*Task to carry out*
Output the listing exactly, without its pictures.

*Data excerpt*
-=-=-

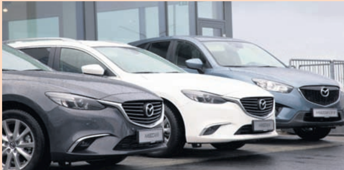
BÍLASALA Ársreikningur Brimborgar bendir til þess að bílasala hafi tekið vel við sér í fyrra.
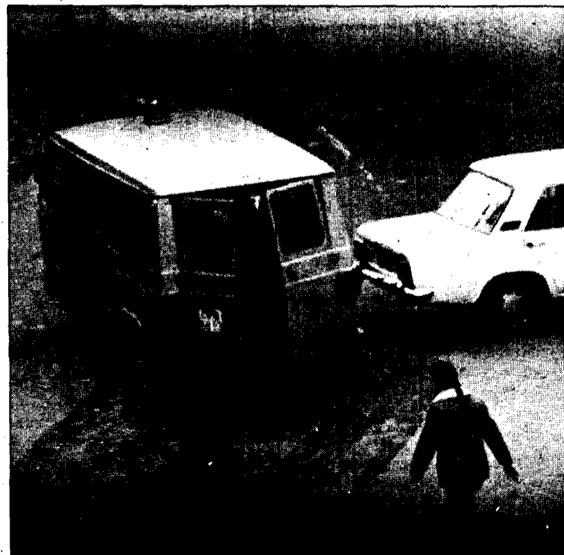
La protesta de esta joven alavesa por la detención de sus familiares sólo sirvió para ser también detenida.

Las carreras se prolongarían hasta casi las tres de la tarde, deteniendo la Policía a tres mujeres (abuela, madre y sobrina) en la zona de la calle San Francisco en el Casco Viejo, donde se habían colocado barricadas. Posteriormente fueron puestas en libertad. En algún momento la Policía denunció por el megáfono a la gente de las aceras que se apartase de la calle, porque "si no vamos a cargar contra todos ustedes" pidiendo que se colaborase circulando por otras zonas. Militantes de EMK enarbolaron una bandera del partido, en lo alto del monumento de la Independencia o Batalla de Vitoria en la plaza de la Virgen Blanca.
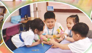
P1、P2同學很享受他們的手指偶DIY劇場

-=-=-

*Task response*
BÍLASALA Ársreikningur Brimborgar bendir til þess að bílasala hafi tekið vel við sér í fyrra.
La protesta de esta joven alavesa por la detención de sus familiares sólo sirvió para ser también detenida.

Las carreras se prolongarían hasta casi las tres de la tarde, deteniendo la Policía a tres mujeres (abuela, madre y sobrina) en la zona de la calle San Francisco en el Casco Viejo, donde se habían colocado barricadas. Posteriormente fueron puestas en libertad. En algún momento la Policía denunció por el megáfono a la gente de las aceras que se apartase de la calle, porque "si no vamos a cargar contra todos ustedes" pidiendo que se colaborase circulando por otras zonas. Militantes de EMK enarbolaron una bandera del partido, en lo alto del monumento de la Independencia o Batalla de Vitoria en la plaza de la Virgen Blanca.
P1、P2同學很享受他們的手指偶DIY劇場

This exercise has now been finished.